Records for the task:
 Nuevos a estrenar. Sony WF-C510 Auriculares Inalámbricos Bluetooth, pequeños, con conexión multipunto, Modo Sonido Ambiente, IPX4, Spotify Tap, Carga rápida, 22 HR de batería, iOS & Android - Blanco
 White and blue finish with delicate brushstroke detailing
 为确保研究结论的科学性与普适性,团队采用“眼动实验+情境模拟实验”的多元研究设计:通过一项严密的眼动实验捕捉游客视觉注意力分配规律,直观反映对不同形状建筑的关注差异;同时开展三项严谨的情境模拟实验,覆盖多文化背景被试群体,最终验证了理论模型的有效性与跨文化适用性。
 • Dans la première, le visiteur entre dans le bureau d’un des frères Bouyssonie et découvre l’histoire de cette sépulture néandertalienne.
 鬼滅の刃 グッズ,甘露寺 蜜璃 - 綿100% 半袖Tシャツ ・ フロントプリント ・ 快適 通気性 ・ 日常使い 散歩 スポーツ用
...
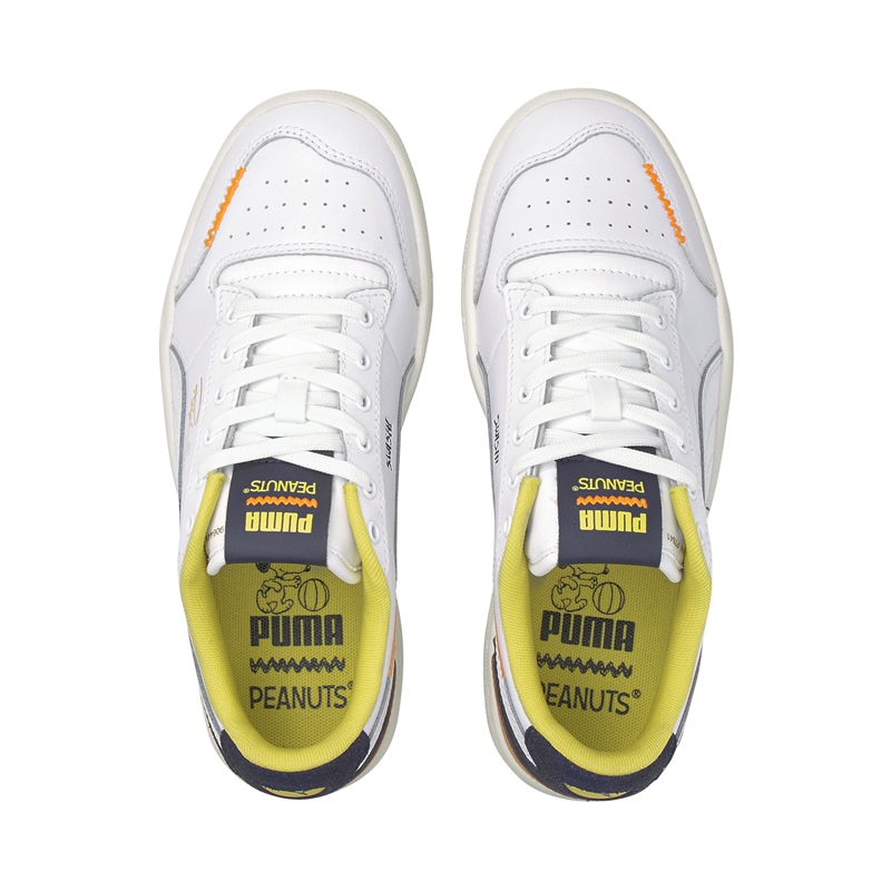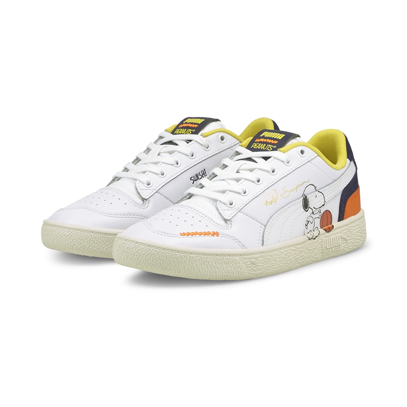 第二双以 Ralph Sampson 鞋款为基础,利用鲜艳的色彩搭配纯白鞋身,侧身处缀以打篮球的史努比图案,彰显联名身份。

Problem: Whatever else the listing above holds, retype exactly only the lines from the one containing "cette sépulture néandertalienne." to the one containing "鬼滅の刃 グッズ,甘露寺 蜜璃", both ends kept.

Task solution:
 • Dans la première, le visiteur entre dans le bureau d’un des frères Bouyssonie et découvre l’histoire de cette sépulture néandertalienne.
 鬼滅の刃 グッズ,甘露寺 蜜璃 - 綿100% 半袖Tシャツ ・ フロントプリント ・ 快適 通気性 ・ 日常使い 散歩 スポーツ用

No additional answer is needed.